Venezuela experimenta la crisis económica más grave en su historia. Todos los sectores se han visto afectados de alguna manera. En el sector externo tenemos una crisis en la balanza de Pagos como consecuencia de un régimen cambiario múltiple ineficiente y que estimula la corrupción. El dólar SIMADI es 3.036,5% más alto que el preferencial de 6,30 Bs./USA. Por ejemplo,  si se pueden adquirir un millón de dólares al tipo de cambio preferencial. Se gastarán 6,3 millones de Bolívares, si luego se venden en el mercado paralelo, se pueden ganar sin muchos esfuerzos, más de 450 millones de Bolívares.
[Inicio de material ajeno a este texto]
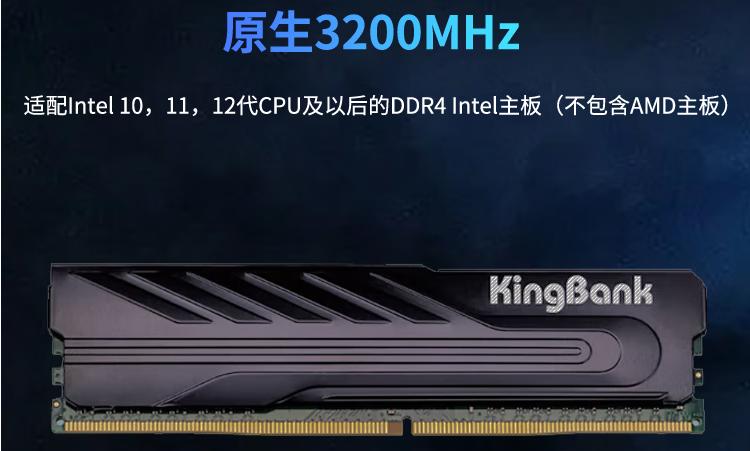 金百达(KINGBANK)8GB DDR4 3200 台式机内存条 黑爵系列

El sector fiscal está sometido a grandes presiones al ser el eje de la política social. PDVSA y el fisco han asumido la responsabilidad de financiar una serie de programas de transferencias directa  (misiones) a los sectores más humildes de la sociedad, Esta situación pone en apuros al gobierno central para financiar un gasto que le dé continuidad al régimen de populismo rentista (populismo basado en el reparto de la renta petrolera) que  caracteriza a Venezuela en los actuales momentos.: La cantidad de dinero puesto en circulación ha perdido toda relación con la producción doméstica de bienes y servicios incrementando la presión inflacionaria.
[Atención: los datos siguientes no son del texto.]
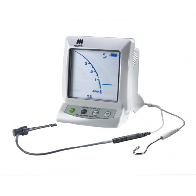 Он обеспечивает высокую точность измерений независимо от наличия ирригационных растворов в канале. Эргономичный корпус аппарата легкий, прочный, с большим цветным дисплеем для отображения измерений и акустического мониторинга позиций файла.

El parque industrial está fuertemente afectado, la dificultad al acceso a las divisas y el sistema de control de precios denominado “precios justos” han producido una merma en sus inventarios que ha generado niveles de desabastecimiento nunca vistos en el país.
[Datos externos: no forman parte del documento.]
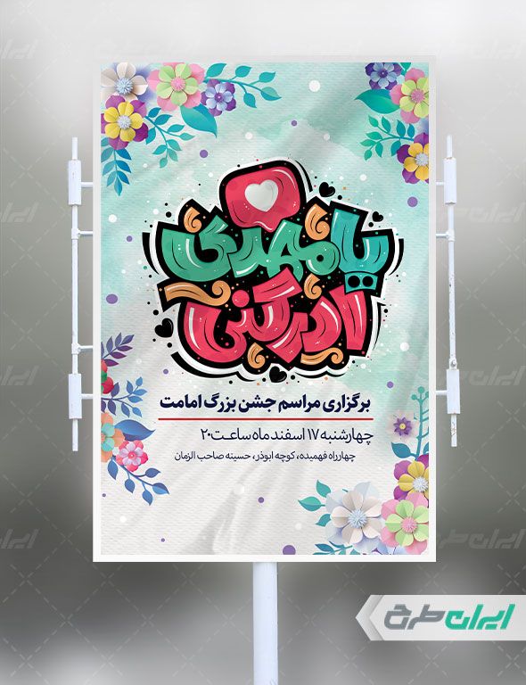 طرح بنر آغاز امامت حضرت مهدی شامل: تایپوگرافی سلام یا مهدی و متن تبریک آغاز امامت امام زمان می باشد که توسط تیم ایران طرح طراحی شده است. به دلیل استفاده از عناصر و المان های با کیفیت در طرح بنر مناسبتی ، می توانید علاوه بر چاپ بنر (به صورت عمودی)، در استوری اینستاگرام و یا دیگر پلت فرم های فضای مجازی استفاده نمایید. ضمنا به دلیل لایه باز بود طرح بنر آغاز امامت حضرت مهدی می توانید با استفاده از نرم افزار فتوشاپ طرح را ویرایش نمایید.

Lo más grave es la persistencia de altos niveles de inflación que están comiendo los ingresos del venezolano, aunque no se publiquen las cifras oficiales. El consumidor siente en carne propia la elevación de los precios, que muchos perciben  como si los ajustes en los mismos fueran a diario, Igualmente perciben la pérdida del poder adquisitivo, cada día es mayor la cantidad de billetes que hay que tener en la cartera para afrontar los gastos del día

¡Hay que hacer algo! Es necesario tomar un conjunto de políticas que  son considerados por algunos como “neoliberales” (término utilizado libremente por la izquierda, para calificar cualquier cosa o elemento como contrario al interés popular), pero que deben ser considerados como de simple “racionalidad económica”. Por ejemplo, no podemos por un largo período de tiempo, gastar más de lo que nos ingresa. Hay que controlar el gasto y/o mejorar las fuentes de ingreso y así reducir las necesidades de financiamiento del déficit y su posterior monetización por parte del BCV, y de esta forma rebajar las presiones inflacionarias.


Es urgente tomar las medidas necesarias, las cuales lamentablemente serán dolorosas, es como aquel paciente que debe ser sometido a un tratamiento muy fuerte para poder recobrar la salud. Más retardo significa mayores desequilibrios y por ende tomar medidas más fuertes.